To bring this letter to a close, I would like to beg for your understanding and leniency for John and Tom again. Please don't give up them!
Yours sincerely,
Chris Wong
This is my sixth writing exam practice. Please give me feedback.
Thanks in advance.
Question:
At an inter-class sporting event your team became involved in a dispute which led to an outbreak of fighting with the opposing team. You witnessed the entire incident and do not agree with your school principal's decision to expel two of your classmates.
Write a letter to the principal, Ms Lam, to explain how the fight arose and to ask for understanding and leniency with regard to your classmates' conduct. Suggest an alternative punishment and outline the most useful lesson students can draw from this experience. You can base the incident on any team sport with which you are familiar. Sign your letter 'Chris Wong'.
Dear Ms Lam,
I am one of your students from 7A. I heard the news about your decision to expel two of my classmates for fighting at the recent inter-class football match. As a witness of the entire incident, I would like to show my point of view to this, hoping you can take it into account and reconsider the punishment.
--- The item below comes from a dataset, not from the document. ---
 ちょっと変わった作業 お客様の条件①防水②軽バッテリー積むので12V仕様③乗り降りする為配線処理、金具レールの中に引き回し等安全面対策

At the 7A verse 7B football match, I was audience, watching the match and cheering for the team of my class. All the players went to great lengths to score a goal. It caused many collisions. Trying mindlessly to take possession of the ball, an opponent badly hurt a 7A player. However, the referee gave no card to the player. It flared up pushes and shouts between the teams. Finally, it became unstoppable; John and Tom got into fight with the players of the 7B team.
John and Tom were wrong at the fighting. However, I think we should put ourselves into their shoes and understand why they behaved in that irresponsible way. Before anything else, the player of the opposing team badly hurt one of our players but showed no sign of regret. Plus the players are sweating and tiring; It would be easy for anyone losing their control, as we could see this kind of thing happens occasionally at professional football and even other games. Added to this, it is the last football match they would attend in our school; the dedication they would put into this match is understandable. They may take this game over-seriously and therefore act barbarously.
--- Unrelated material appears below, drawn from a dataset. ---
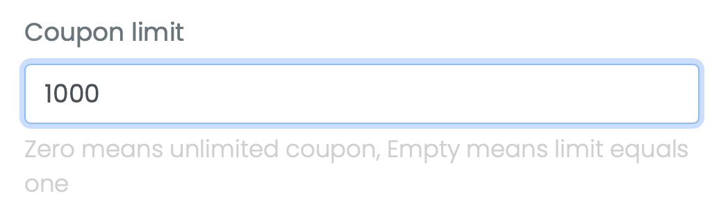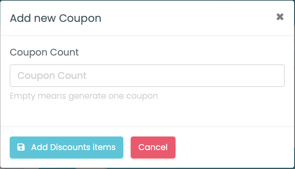 In our example, we have only added one coupon, which can be applied 1000 times. However, we may add to this and create more of the same coupon.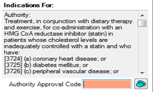 - Select the medication. The authority information and codes appear in the Indications For panel on the right.

Besides, there are reasons compelling me to beg for your leniency for John and Tom. As we know, they are good students in their class. They never got a demerit before and always pay full attention in every lesson. And the results of their school tests and exams can prove their good-student nature. It is a loss for our school to expel good students just because of a single bad behavior. Also, expelling them before four months when they will take the infamously difficult A-level exam is too harsh. They would lose the chance to take the mock exams and return to school to seek help from teachers. Therefore, although the punishment per se may be appropriate, the infliction that the students suffered would be double.
I think it would be better to impose an alternative punishment. I would suggest keeping them at school for hours after school would be a productive one. On one hand, they would know that they must suffer the consequences of their conduct. On the other hand, it would not be detrimental to their study.
Although that unwelcome incident happened, students can learn a lesson from it. They would learn that barbarous actions are always unacceptable in a civilized place. No one should break this rule and resolve a problem by a fight. If they did it, they would suffer the consequences. Also, students would bear in mind that they should control they emotions in any case, otherwise, the result would be devastated.
To bring this letter to a close, I would like to beg for your understanding and leniency for John and Tom again. Please don't give up them!